Time: 9:40 am – 10:00 am, February 25

We tackle the challenging problem of multi-agent cooperative motion planning for complex tasks described using signal temporal logic (STL), where robots can have nonlinear and nonholonomic dynamics. Existing methods in multi-agent motion planning, especially those based on discrete abstractions and model predictive control (MPC), suffer from limited scalability with respect to the complexity of the task, the size of the workspace, and the planning horizon. We present a method based on timed waypoints to address this issue. We show that timed waypoints can help abstract nonlinear behaviors of the system as safety envelopes around the reference path defined by those waypoints. Then the search for waypoints satisfying the STL specifications can be inductively encoded as a mixed-integer linear program. The agents following the synthesized timed waypoints have their tasks automatically allocated, and are guaranteed to satisfy the STL specifications while avoiding collisions. We evaluate the algorithm on a wide variety of benchmarks. Results show that it supports multi-agent planning from complex specification over long planning horizons, and significantly outperforms state-of-the-art abstraction-based and MPC-based motion planning methods. The implementation is available at github.

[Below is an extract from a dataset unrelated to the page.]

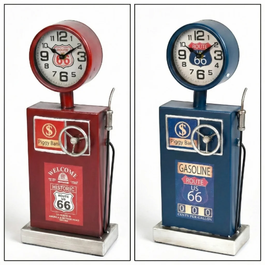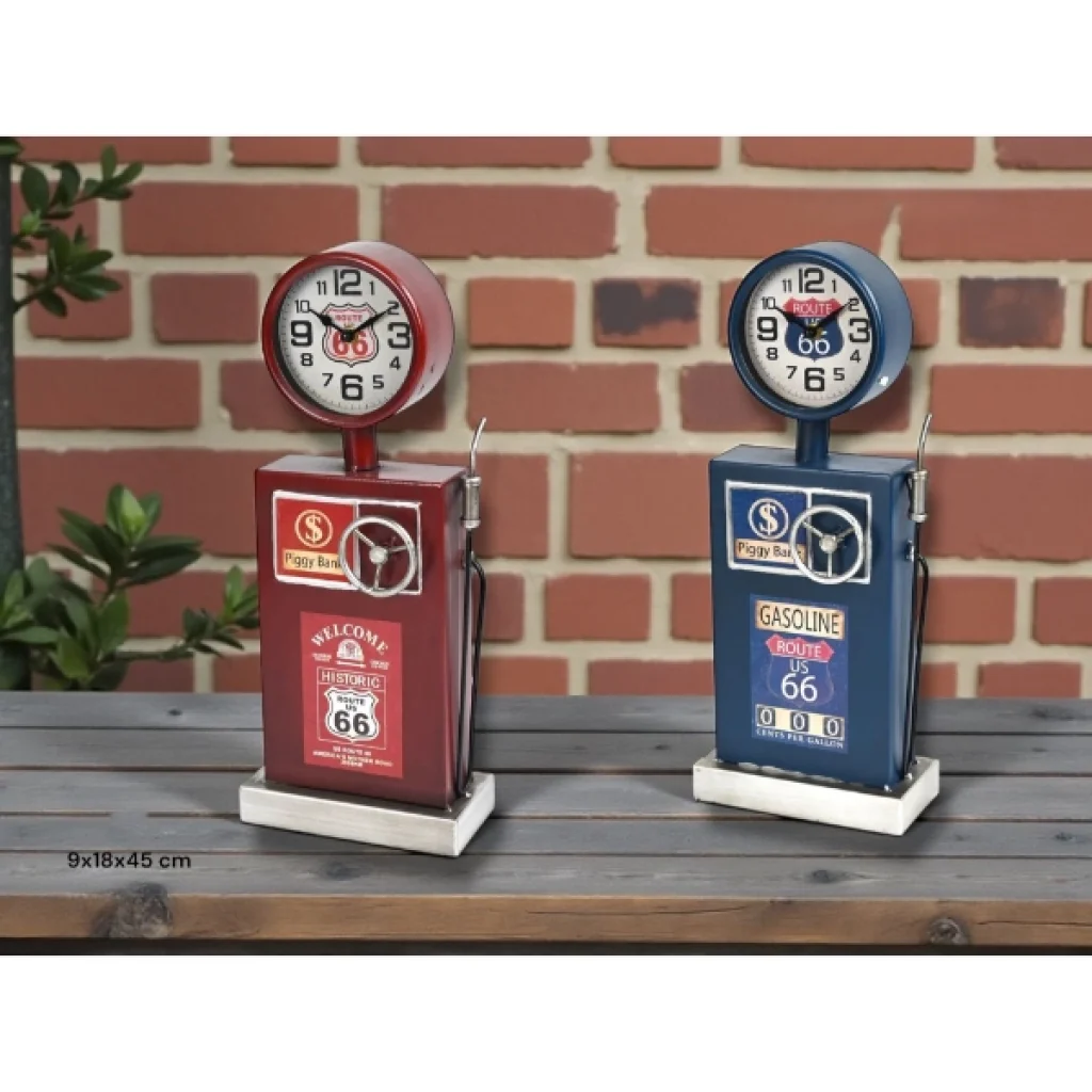KLASİK BENZİNLİK TASARIMLI MASAÜSTÜ SAATÜrün ÖzellikleriKlasik benzinlik tasarımlı masaüstü saat, nostaljik benzin istasyonlarından ilham alan özgün gövde yapısı ve Route 66 temalı detaylarıyla dekorasyona karakter kazandıran özel bir modeldir. Dikey formu ve üst bölümde konumlandırılmış yuvarlak saat kadranı, klasik masa saatlerinden ayrışarak güçlü bir görsel etki oluşturur. Gövde üzerinde yer alan benzin pompası hortumu, vana ve retro grafik baskılar ürüne gerçekçi ve koleksiyonluk bir görünüm kazandırır. Net ve büyük rakamlara sahip analog kadranı sayesinde saat kolayca okunabilir ve hem dekoratif hem işlevsel bir kullanım sunar. 9x18x45 cm ölçüleriyle masa, raf, konsol, kitaplık veya vitrin üzerinde dikkat çekici bir duruş sergiler. Sessiz çalışan mekanizması sayesinde ofis, çalışma odası veya yaşam alanlarında rahatsız edici bir ses oluşturmaz. Dayanıklı malzemeden üretilmiş yapısı uzun ömürlü kullanım sağlar. Renk seçimi yapılamamaktadır; ürün kırmızı veya mavi renk seçeneklerinden biri olacak şekilde karışık gönderilmektedir. Retro, vintage ve endüstriyel dekorasyon tarzlarını tamamlayan bu masaüstü saat, dekoratif obje arayanlar için ideal bir tercihtir.Paket İçeriği1 adet klasik benzinlik tasarımlı masaüstü saat

The problem of robust mean estimation in high dimensions is studied, in which a certain fraction (less than half) of the datapoints can be arbitrarily corrupted. Motivated by compressive sensing, the robust mean estimation problem is formulated as the minimization of the $\ell_0$-norm’ of an \emph{outlier indicator vector}, under a second moment constraint on the datapoints. The $\ell_0$-norm’ is then relaxed to the $\ell_p$-norm ($0<p\leq 1$) in the objective, and it is shown that the global minima for each of these objectives are order-optimal and have optimal breakdown point for the robust mean estimation problem. Furthermore, a computationally tractable iterative $\ell_p$-minimization and hard thresholding algorithm is proposed that outputs an order-optimal robust estimate of the population mean. The proposed algorithm (with breakdown point $\approx 0.3$) does not require prior knowledge of the fraction of outliers, in contrast with most existing algorithms, and for $p=1$ it has near-linear time complexity. Both synthetic and real data experiments demonstrate that the proposed algorithm outperforms state-of-the-art robust mean estimation methods.